Problem requirements:
Set the records down again. Match every line exactly.

[Opening Source data section]

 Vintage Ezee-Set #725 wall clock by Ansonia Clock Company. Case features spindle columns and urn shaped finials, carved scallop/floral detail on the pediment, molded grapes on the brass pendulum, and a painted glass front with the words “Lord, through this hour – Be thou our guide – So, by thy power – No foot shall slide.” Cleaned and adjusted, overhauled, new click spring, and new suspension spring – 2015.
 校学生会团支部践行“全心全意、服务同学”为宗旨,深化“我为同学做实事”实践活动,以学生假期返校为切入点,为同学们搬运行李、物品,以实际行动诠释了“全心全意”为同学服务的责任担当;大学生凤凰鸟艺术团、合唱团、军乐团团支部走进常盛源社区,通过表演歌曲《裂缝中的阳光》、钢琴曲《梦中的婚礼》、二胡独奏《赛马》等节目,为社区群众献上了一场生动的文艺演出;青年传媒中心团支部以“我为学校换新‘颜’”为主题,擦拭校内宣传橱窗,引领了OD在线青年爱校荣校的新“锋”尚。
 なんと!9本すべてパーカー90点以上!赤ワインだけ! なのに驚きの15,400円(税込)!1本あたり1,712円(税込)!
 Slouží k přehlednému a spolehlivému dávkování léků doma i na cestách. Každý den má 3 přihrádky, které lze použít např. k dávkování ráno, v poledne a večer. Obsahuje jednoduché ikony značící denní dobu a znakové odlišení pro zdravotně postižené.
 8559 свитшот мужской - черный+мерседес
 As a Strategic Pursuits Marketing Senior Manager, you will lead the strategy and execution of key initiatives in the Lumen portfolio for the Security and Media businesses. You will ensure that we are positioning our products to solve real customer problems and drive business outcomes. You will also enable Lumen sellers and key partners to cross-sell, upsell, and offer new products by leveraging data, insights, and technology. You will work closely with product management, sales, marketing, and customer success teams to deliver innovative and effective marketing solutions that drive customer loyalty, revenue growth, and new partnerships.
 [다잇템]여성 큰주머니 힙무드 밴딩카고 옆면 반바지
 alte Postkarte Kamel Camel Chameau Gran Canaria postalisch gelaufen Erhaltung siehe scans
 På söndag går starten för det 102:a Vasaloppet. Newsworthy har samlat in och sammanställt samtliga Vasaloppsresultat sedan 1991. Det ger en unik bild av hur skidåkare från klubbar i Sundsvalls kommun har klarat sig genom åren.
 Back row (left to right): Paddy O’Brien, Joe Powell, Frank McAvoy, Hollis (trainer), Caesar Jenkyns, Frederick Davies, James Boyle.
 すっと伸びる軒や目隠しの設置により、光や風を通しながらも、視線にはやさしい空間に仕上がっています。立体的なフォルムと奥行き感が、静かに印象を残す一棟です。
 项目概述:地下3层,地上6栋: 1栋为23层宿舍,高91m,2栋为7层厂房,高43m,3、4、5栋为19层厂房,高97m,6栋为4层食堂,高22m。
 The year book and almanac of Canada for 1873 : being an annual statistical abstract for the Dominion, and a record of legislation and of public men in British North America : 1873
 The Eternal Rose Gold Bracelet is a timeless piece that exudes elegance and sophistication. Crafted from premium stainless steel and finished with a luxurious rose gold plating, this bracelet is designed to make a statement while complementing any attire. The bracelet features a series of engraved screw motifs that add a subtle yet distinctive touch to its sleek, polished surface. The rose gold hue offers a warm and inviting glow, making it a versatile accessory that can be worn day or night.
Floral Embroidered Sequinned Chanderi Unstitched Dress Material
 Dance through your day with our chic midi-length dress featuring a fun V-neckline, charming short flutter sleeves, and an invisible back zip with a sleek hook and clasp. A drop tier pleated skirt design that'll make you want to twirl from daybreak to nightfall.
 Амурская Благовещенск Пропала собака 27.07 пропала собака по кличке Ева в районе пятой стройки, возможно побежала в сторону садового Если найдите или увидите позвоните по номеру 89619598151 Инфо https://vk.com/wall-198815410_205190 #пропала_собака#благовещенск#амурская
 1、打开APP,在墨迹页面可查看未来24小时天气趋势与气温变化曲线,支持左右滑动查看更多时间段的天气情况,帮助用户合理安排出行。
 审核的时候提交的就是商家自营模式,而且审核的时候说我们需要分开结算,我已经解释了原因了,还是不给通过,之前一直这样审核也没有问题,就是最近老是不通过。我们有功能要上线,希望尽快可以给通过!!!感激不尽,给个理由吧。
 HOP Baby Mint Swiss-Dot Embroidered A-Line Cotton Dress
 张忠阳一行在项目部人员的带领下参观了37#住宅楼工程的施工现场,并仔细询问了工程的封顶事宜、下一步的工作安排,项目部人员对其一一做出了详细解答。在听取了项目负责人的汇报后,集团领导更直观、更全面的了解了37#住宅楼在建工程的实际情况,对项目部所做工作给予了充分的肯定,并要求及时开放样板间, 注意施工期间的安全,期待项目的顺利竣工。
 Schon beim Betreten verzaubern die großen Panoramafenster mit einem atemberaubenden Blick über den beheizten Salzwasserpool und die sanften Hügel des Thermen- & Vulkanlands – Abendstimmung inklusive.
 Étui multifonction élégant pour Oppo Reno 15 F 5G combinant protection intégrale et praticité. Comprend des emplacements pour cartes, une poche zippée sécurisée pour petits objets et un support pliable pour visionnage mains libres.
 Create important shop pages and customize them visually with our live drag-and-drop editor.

[Closing Source data section]

Result for this task:
 Vintage Ezee-Set #725 wall clock by Ansonia Clock Company. Case features spindle columns and urn shaped finials, carved scallop/floral detail on the pediment, molded grapes on the brass pendulum, and a painted glass front with the words “Lord, through this hour – Be thou our guide – So, by thy power – No foot shall slide.” Cleaned and adjusted, overhauled, new click spring, and new suspension spring – 2015.
 校学生会团支部践行“全心全意、服务同学”为宗旨,深化“我为同学做实事”实践活动,以学生假期返校为切入点,为同学们搬运行李、物品,以实际行动诠释了“全心全意”为同学服务的责任担当;大学生凤凰鸟艺术团、合唱团、军乐团团支部走进常盛源社区,通过表演歌曲《裂缝中的阳光》、钢琴曲《梦中的婚礼》、二胡独奏《赛马》等节目,为社区群众献上了一场生动的文艺演出;青年传媒中心团支部以“我为学校换新‘颜’”为主题,擦拭校内宣传橱窗,引领了OD在线青年爱校荣校的新“锋”尚。
 なんと!9本すべてパーカー90点以上!赤ワインだけ! なのに驚きの15,400円(税込)!1本あたり1,712円(税込)!
 Slouží k přehlednému a spolehlivému dávkování léků doma i na cestách. Každý den má 3 přihrádky, které lze použít např. k dávkování ráno, v poledne a večer. Obsahuje jednoduché ikony značící denní dobu a znakové odlišení pro zdravotně postižené.
 8559 свитшот мужской - черный+мерседес
 As a Strategic Pursuits Marketing Senior Manager, you will lead the strategy and execution of key initiatives in the Lumen portfolio for the Security and Media businesses. You will ensure that we are positioning our products to solve real customer problems and drive business outcomes. You will also enable Lumen sellers and key partners to cross-sell, upsell, and offer new products by leveraging data, insights, and technology. You will work closely with product management, sales, marketing, and customer success teams to deliver innovative and effective marketing solutions that drive customer loyalty, revenue growth, and new partnerships.
 [다잇템]여성 큰주머니 힙무드 밴딩카고 옆면 반바지
 alte Postkarte Kamel Camel Chameau Gran Canaria postalisch gelaufen Erhaltung siehe scans
 På söndag går starten för det 102:a Vasaloppet. Newsworthy har samlat in och sammanställt samtliga Vasaloppsresultat sedan 1991. Det ger en unik bild av hur skidåkare från klubbar i Sundsvalls kommun har klarat sig genom åren.
 Back row (left to right): Paddy O’Brien, Joe Powell, Frank McAvoy, Hollis (trainer), Caesar Jenkyns, Frederick Davies, James Boyle.
 すっと伸びる軒や目隠しの設置により、光や風を通しながらも、視線にはやさしい空間に仕上がっています。立体的なフォルムと奥行き感が、静かに印象を残す一棟です。
 项目概述:地下3层,地上6栋: 1栋为23层宿舍,高91m,2栋为7层厂房,高43m,3、4、5栋为19层厂房,高97m,6栋为4层食堂,高22m。
 The year book and almanac of Canada for 1873 : being an annual statistical abstract for the Dominion, and a record of legislation and of public men in British North America : 1873
 The Eternal Rose Gold Bracelet is a timeless piece that exudes elegance and sophistication. Crafted from premium stainless steel and finished with a luxurious rose gold plating, this bracelet is designed to make a statement while complementing any attire. The bracelet features a series of engraved screw motifs that add a subtle yet distinctive touch to its sleek, polished surface. The rose gold hue offers a warm and inviting glow, making it a versatile accessory that can be worn day or night.
Floral Embroidered Sequinned Chanderi Unstitched Dress Material
 Dance through your day with our chic midi-length dress featuring a fun V-neckline, charming short flutter sleeves, and an invisible back zip with a sleek hook and clasp. A drop tier pleated skirt design that'll make you want to twirl from daybreak to nightfall.
 Амурская Благовещенск Пропала собака 27.07 пропала собака по кличке Ева в районе пятой стройки, возможно побежала в сторону садового Если найдите или увидите позвоните по номеру 89619598151 Инфо https://vk.com/wall-198815410_205190 #пропала_собака#благовещенск#амурская
 1、打开APP,在墨迹页面可查看未来24小时天气趋势与气温变化曲线,支持左右滑动查看更多时间段的天气情况,帮助用户合理安排出行。
 审核的时候提交的就是商家自营模式,而且审核的时候说我们需要分开结算,我已经解释了原因了,还是不给通过,之前一直这样审核也没有问题,就是最近老是不通过。我们有功能要上线,希望尽快可以给通过!!!感激不尽,给个理由吧。
 HOP Baby Mint Swiss-Dot Embroidered A-Line Cotton Dress
 张忠阳一行在项目部人员的带领下参观了37#住宅楼工程的施工现场,并仔细询问了工程的封顶事宜、下一步的工作安排,项目部人员对其一一做出了详细解答。在听取了项目负责人的汇报后,集团领导更直观、更全面的了解了37#住宅楼在建工程的实际情况,对项目部所做工作给予了充分的肯定,并要求及时开放样板间, 注意施工期间的安全,期待项目的顺利竣工。
 Schon beim Betreten verzaubern die großen Panoramafenster mit einem atemberaubenden Blick über den beheizten Salzwasserpool und die sanften Hügel des Thermen- & Vulkanlands – Abendstimmung inklusive.
 Étui multifonction élégant pour Oppo Reno 15 F 5G combinant protection intégrale et praticité. Comprend des emplacements pour cartes, une poche zippée sécurisée pour petits objets et un support pliable pour visionnage mains libres.
 Create important shop pages and customize them visually with our live drag-and-drop editor.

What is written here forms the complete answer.